CJQC-FM
- Liverpool, Nova Scotia; Canada;
- Frequency: 99.3 MHz
- Branding: Queens County Community Radio

Programming
- Format: Community radio

Ownership
- Owner: CJQC Radio Society

History
- Call sign meaning: Queens County

Technical information
- Class: LP
- ERP: 50 watts
- HAAT: -4.2 meters

Links
- Website: qccrfm.com

= CJQC-FM =

Radio station in Liverpool, Nova Scotia

CJQC-FM, branded as Queens County Community Radio is a Canadian radio station that broadcasts at 99.3 FM in Liverpool, Nova Scotia.

The station was officially launched on June 19, 2008 under a temporary special events licence.
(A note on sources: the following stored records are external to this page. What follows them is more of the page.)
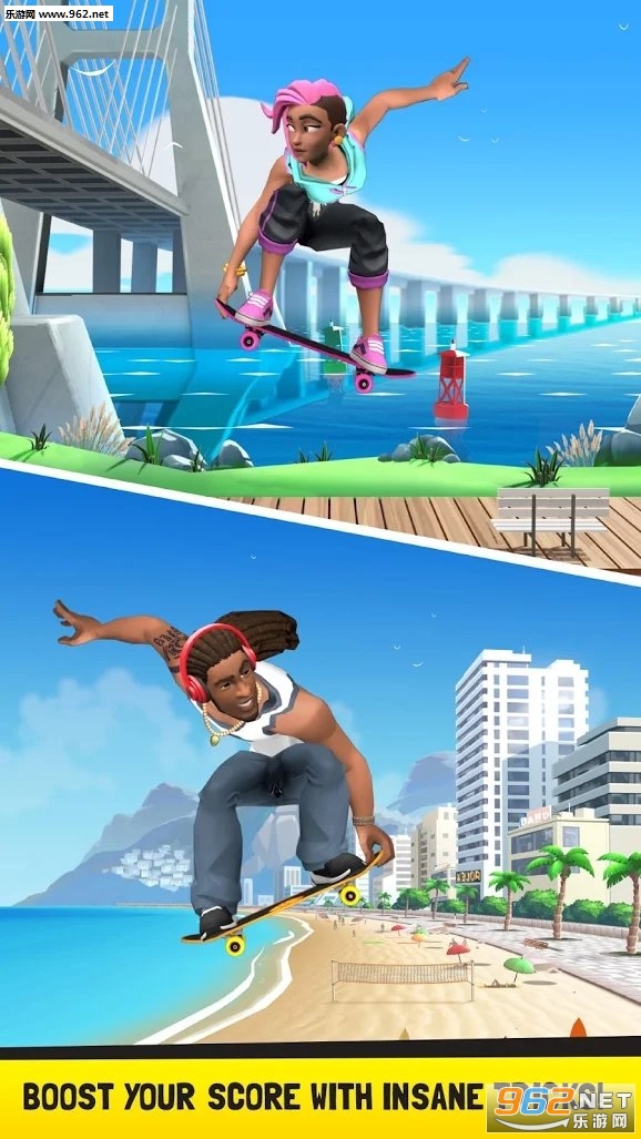 在最令人惊叹的环境中环游世界,让您的Skateboarder打印遍布全球!做惊人的技巧 - 鼻子抓斗,火箭架,前线架 - 击败最高分并向世界展示你的疯狂技能!
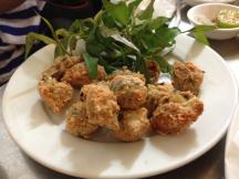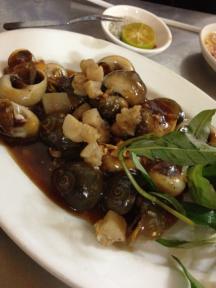 いきなり変わった物に行くのは勇気が要る、という方にはハマグリのレモングラス蒸し(55,000ドン・約280円)がアサリの酒蒸しの様で食べ易くもあり、且つレモングラスの南国チックな風味もありで食べ易くておススメです。日本ではまず食べられそうにないと言う点では、巻貝のココナツミルク炒め(50,000ドン・約250円)がとてもおススメ。縦長の巻貝の細くなっている方が切り落とされているので、そこからチュッと身を吸って頂きます。貝ってこんな風にも料理できるんだ、という驚きを楽しんでもらえるかと思います。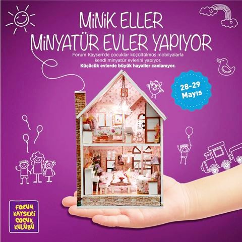 Minik Eller Minyatür Evler Yapıyorlar, Mayıs ayında Forum Kayseri Alışveriş Merkezi’nde çocuklarla buluşacak. Etkinlik, “Minyatür Evler” sergi ve etkinlik projesi kapsamında çocuklarla buluşacak. Minik Eller Minyatür Evler Yapıyorlar ile çocuklar, minyatür evler tasarlayarak renkli dakikalar geçirecekler.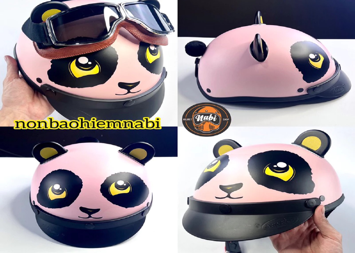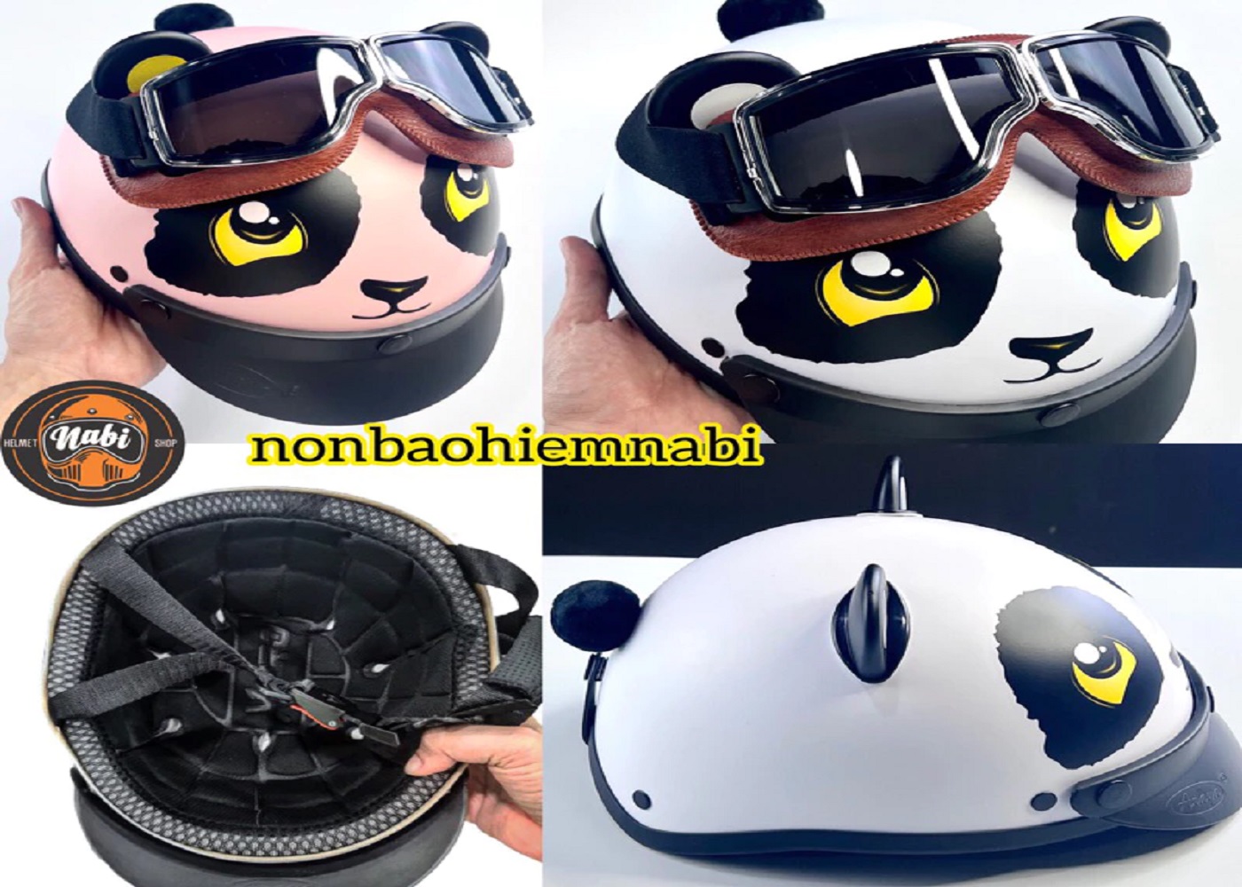 SP Mũ bảo hiểm kính panda Trắng Hồng chuẩn chất lượng tặng tai nhựa mềm rất an toàn cho Bé &Ng lớn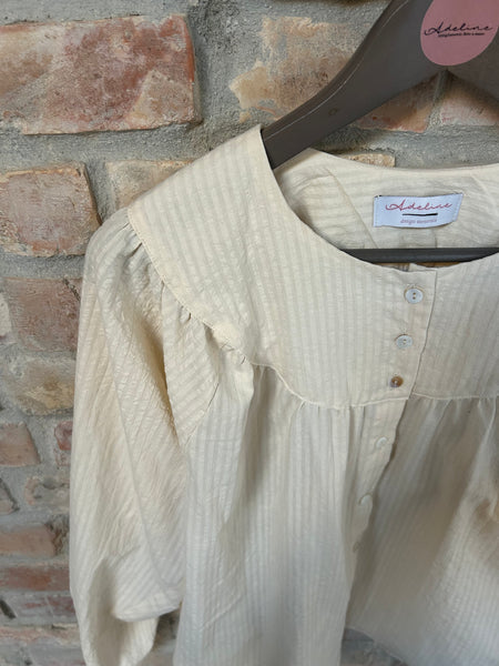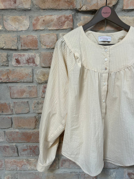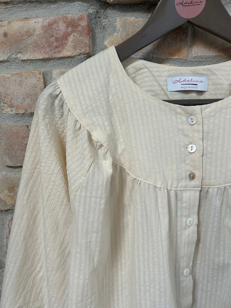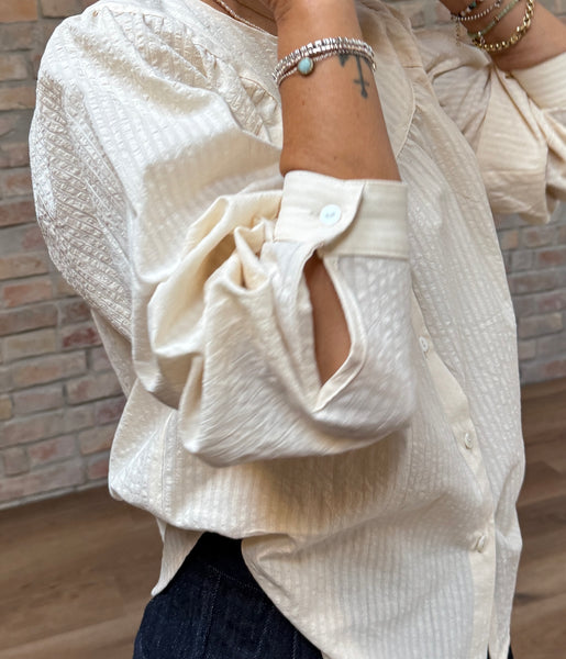 Camicia dal gusto bohèmienne con scollo a giro, taglio pettorina davanti da cui parte un'arricciatura che crea movimento. Vestibilità morbida a scatola e manica lunga e leggermente a palloncino con polsino chiuso da asola e bottone.

Its business plan was to operate throughout the summer of 2008 in order to gauge community support for the station and complete its formal application for a permanent licence.

On September 15, 2009, the station received CRTC approval for a full-time licence to operate at 99.3 MHz. The general manager at that time was the Canadian broadcaster Alex J. Walling.
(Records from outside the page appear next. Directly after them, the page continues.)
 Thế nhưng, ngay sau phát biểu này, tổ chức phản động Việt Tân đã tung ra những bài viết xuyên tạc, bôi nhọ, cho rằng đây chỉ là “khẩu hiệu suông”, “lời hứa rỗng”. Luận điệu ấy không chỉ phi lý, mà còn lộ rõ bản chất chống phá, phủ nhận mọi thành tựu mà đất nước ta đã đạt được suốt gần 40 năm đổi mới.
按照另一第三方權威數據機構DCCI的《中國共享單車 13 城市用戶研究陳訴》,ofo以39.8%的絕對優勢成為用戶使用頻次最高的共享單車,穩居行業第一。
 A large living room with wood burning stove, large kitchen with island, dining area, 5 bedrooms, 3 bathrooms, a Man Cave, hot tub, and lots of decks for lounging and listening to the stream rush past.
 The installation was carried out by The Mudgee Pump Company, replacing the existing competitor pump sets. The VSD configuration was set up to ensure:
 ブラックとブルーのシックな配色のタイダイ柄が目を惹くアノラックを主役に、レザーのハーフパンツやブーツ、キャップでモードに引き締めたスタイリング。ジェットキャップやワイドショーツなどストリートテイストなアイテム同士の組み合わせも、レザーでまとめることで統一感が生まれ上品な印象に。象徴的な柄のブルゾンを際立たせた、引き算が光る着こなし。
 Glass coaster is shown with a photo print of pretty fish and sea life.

In March 2011, Walling suffered a stroke, which led to the deterioration of the station's operations and the verge of bankruptcy. In June 2012, Walling sold the assets of the station to the CJQC Radio Society, a non-profit community organization. In November 2012, the CJQC Radio Society applied for a new licence, for a station which operates at the same frequency of 99.3 MHz at the same parameters as the old licence. CRTC licensing was approved.